Image-Based Zone Analysis Module for DCRM Curves

This module analyzes zones directly from the annotated image with segmentation lines,
providing visual analysis of each zone based on the actual image content.
"""

import cv2
import numpy as np
from typing import Dict, List, Tuple, Any
import pandas as pd


class ImageZoneAnalyzer:
    """Analyzes zones directly from the segmented image."""
    
    def __init__(self, image: np.ndarray, zones_data: Dict[str, Any], 
                 bounds: Tuple[int, int], total_duration: float):
        """
        Initialize the image-based zone analyzer.
        
        Args:
            image: Original image (BGR format)

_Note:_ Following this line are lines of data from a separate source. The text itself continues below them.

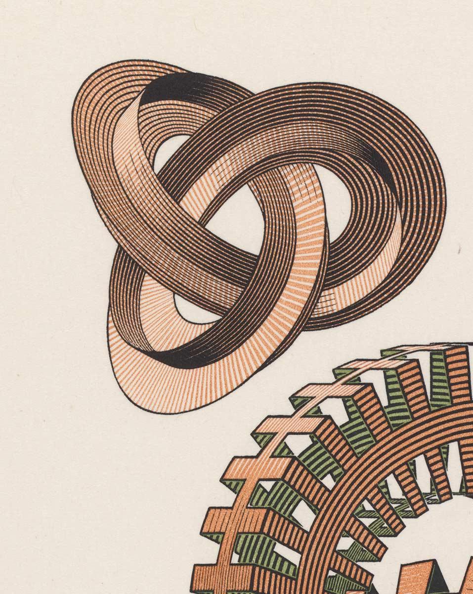 De ontmoeting stimuleerde hem ook om weer aan het werk te gaan na een periode van veel ziekenhuisbezoeken en meerdere operaties. Een prent van Flocon in diens Topographics vormde de rechtstreekse inspiratie voor een nieuwe houtsnede. In deze prachtuitgave vond Escher een gravure van een aantal knopen die hem intrigeerde.**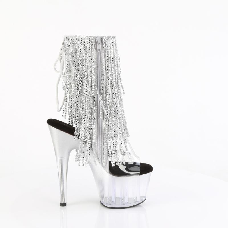 Cette splendide bottine argentée cristaux cascadants affirmera parfaitement votre style. Concevez une tenue de pole dance vibrante avec un crop top asymétrique et un short brillant de couleur noire afin de sublimer votre silhouette avec éclat. Pour des soirées inoubliables, mariez cette bottine à plateforme haut talon à un bustier à sequins et une jupe courte blanche plissée transformant votre silhouette de façon très glamour.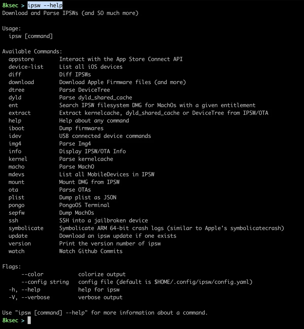 We will go over each of command to see what it does and how to use it, but before we do that, we first need to get ipsw. We can build ipsw from the source or we can download one of the prebuilt binaries available on the GitHub repository.
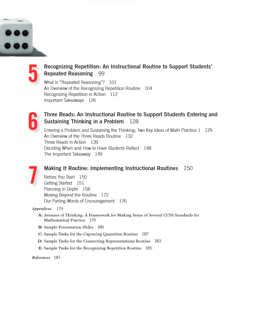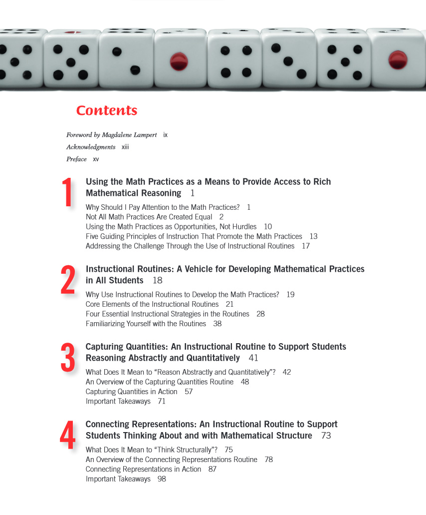 As a teacher, routines can keep your classroom running smoothly. Now imagine having a set of routines focused not on classroom management, but on helping students develop their mathematical thinking and reasoning skills. Routines for Reasoning provides expert guidance for weaving the Standards for Mathematical Practice into your teaching by harnessing the power of classroom-tested instructional routines.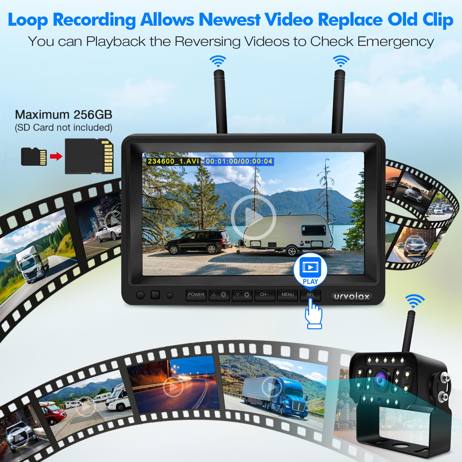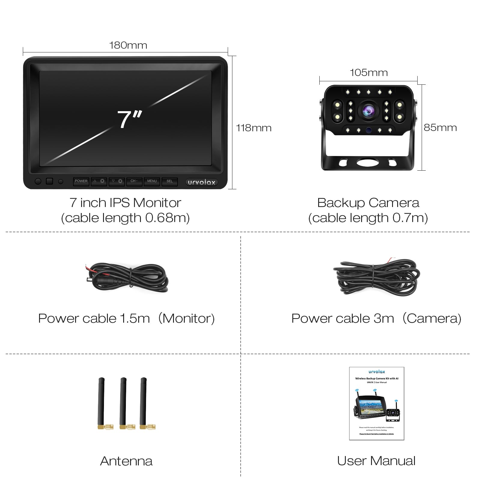 URVOLAX Rückfahrkamera System Kabellos - 7 Zoll FHD, KI

            zones_data: Dictionary containing zone segmentation information
            bounds: (start_x, end_x) boundaries of the graph
            total_duration: Total duration in milliseconds
        """
        self.image = image
        self.zones_data = zones_data
        self.bounds = bounds
        self.total_duration = total_duration
        self.analysis_results = {}
        
        # Extract graph region
        sx, ex = bounds
        self.graph_width = ex - sx
        self.graph_image = image[:, sx:ex]
        
    def analyze_all_zones(self) -> Dict[str, Any]:
        """
        Analyze all zones based on image content.
        
        Returns:
            Dictionary containing analysis results for each zone
        """
        if 'zones' not in self.zones_data:
            return {'error': 'No zone data available'}
        
        zones = self.zones_data['zones']
        
        # Analyze each zone
        for zone_name, zone_info in zones.items():
            zone_image = self._extract_zone_image(zone_info)
            
            if zone_image is not None and zone_image.shape[1] > 0:
                analysis = self._analyze_zone_image(zone_name, zone_image, zone_info)

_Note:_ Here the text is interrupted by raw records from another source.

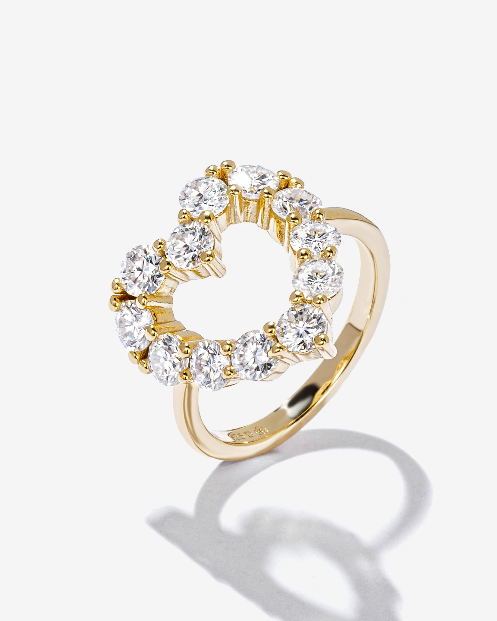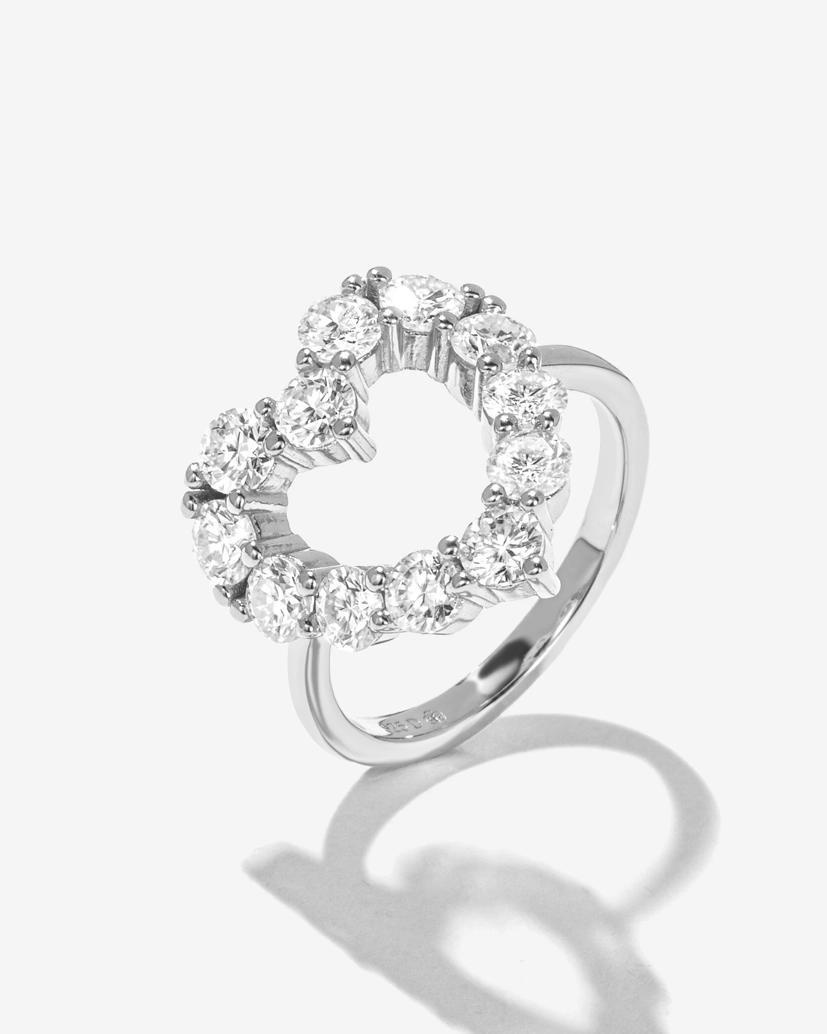 A delicadeza das linhas suaves do Anel Darcy, surpreendem pela expressividade visual do maravilhoso coração vazado, que exibe uma elegante composição de zircônias cristais. Joia em prata 925 disponível nos banhos de ouro 18k e ródio branco.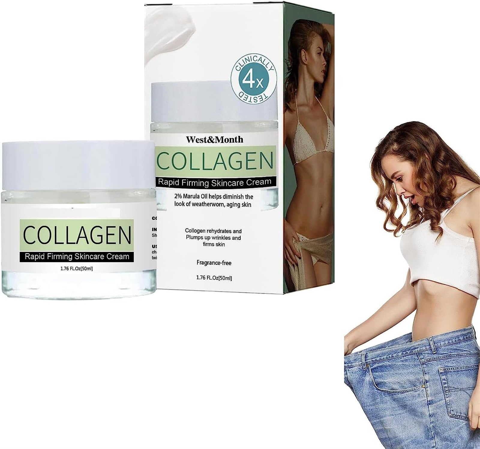 Specification Name: Collagen Fast Firming and Lifting Cream Category: Collagen Slimming Cream Content: 50ml Shelf Life: 3 years Efficacy: Abdominal firming, body shaping Package includes 1 2 3 Collagen Fast Firming and Lifting Cream Notice: 1. Due to manual measurements, please allow slight measurement deviations. 2. Due to the different display and lighting effects, the actual color of the item may be slightly different from the color displayed on the picture.Key Ingredients Collagen, Vitamin E, Collagen has good permeability, Vitamin E helps tighten skin and will also give your neck breasts buttocks stomach thigh the firmer appearance you want. Thigh Enhancement The natural compounds in this formula help in the regeneration of skin cells, improving circulation, hydration and elasticity. Breast Firming Lifting Collagen firming skincare cream can penetrate the skin, rejuvenate and regenerate your skin, help burn fatty tissue, promote collagen production and tighten skin. Lift Firm Buttocks Firming and firming cream with collagen Fivfivgo fast balancing estrogen level in the body and stimulating your body's natural collagen production while reducing stretch marks and improving elasticity. Collagen Firm Body Cream Collagen Firm Body Cream is all you need to remove stretch marks and get rid of wrinkles, firm your abs, lift breasts and buttocks, improve sagging skin, tighten loose flesh and much more. spécificationNom:Crème raffermissante et liftante rapide au collagèneCatégorie : Crème Amincissante au CollagèneContenu : 50 mlDurée de conservation : 3 ansEfficacité : raffermissement abdominal, modelage du corps Le forfait comprend1 2 3 Crème raffermissante et liftante rapide au collagène Avis:1. En raison des mesures manuelles, veuillez autoriser de légers écarts de mesure.2. En raison des différents effets d'affichage et d'éclairage, la couleur réelle de l'article peut être légèrement différente de la couleur affichée sur l'image.Ingrédients clés Le collagène, la vitamine E, le collagène a une bonne perméabilité, la vitamine E aide à raffermir la peau et donnera également à votre cou seins fesses estomac cuisse l'apparence plus ferme que vous souhaitez. Renforcement des cuisses Les composés naturels présents dans cette formule aident à la régénération des cellules de la peau, améliorant la circulation, l'hydratation et l'élasticité. Fermeture et lifting des seins La crème de soin raffermissante au collagène peut pénétrer la peau, rajeunir et régénérer votre peau, aider à brûler les tissus adipeux, favoriser la production de collagène et raffermir la peau. Fesse liftante et raffermissante Crème raffermissante et liftante rapide au collagène Fivfivgo équilibrant le niveau d'oestrogène dans le corps et stimulant la production naturelle de collagène de votre corps tout en réduisant les vergetures et en améliorant l'élasticité. Crème pour le corps ferme au collagène La crème pour le corps ferme au collagène est tout ce dont vous avez besoin pour éliminer les vergetures et vous débarrasser des rides, raffermir vos abdominaux, soulever les seins et les fesses, améliorer le relâchement cutané, resserrer la chair lâche et bien plus encore.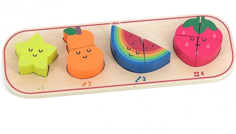 Toto zábavné a edukatívne puzzle prináša deťom radosť z objavovania a učenia sa prostredníctvom hry. Každý dielik ovocia, ako je žltá karambola, oranžová hruška, farebný melón a červená jahoda, prichádza v rôznom počte dielikov na vkladanie do drevenej podložky. Deti sa učia rozpoznávať tvary, farby a zodpovedajúce čísla, čo prirodzene rozvíja ich jemnú motoriku a koordináciu ruka-oko.

                self.analysis_results[zone_name] = analysis
        
        # Generate overall health assessment
        overall_health = self._calculate_overall_health()

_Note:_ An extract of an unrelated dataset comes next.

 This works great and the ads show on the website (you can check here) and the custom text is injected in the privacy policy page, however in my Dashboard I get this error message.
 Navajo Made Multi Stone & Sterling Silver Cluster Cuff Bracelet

        self.analysis_results['overall_health'] = overall_health
        
        return self.analysis_results
    
    def _extract_zone_image(self, zone_info: Dict) -> np.ndarray:
        """Extract image region for a specific zone."""
        start_ms = zone_info.get('start_ms', 0)
        end_ms = zone_info.get('end_ms', 0)
        
        # Convert time to pixel coordinates
        start_x = int((start_ms / self.total_duration) * self.graph_width)
        end_x = int((end_ms / self.total_duration) * self.graph_width)
        
        # Ensure valid bounds
        start_x = max(0, min(start_x, self.graph_width - 1))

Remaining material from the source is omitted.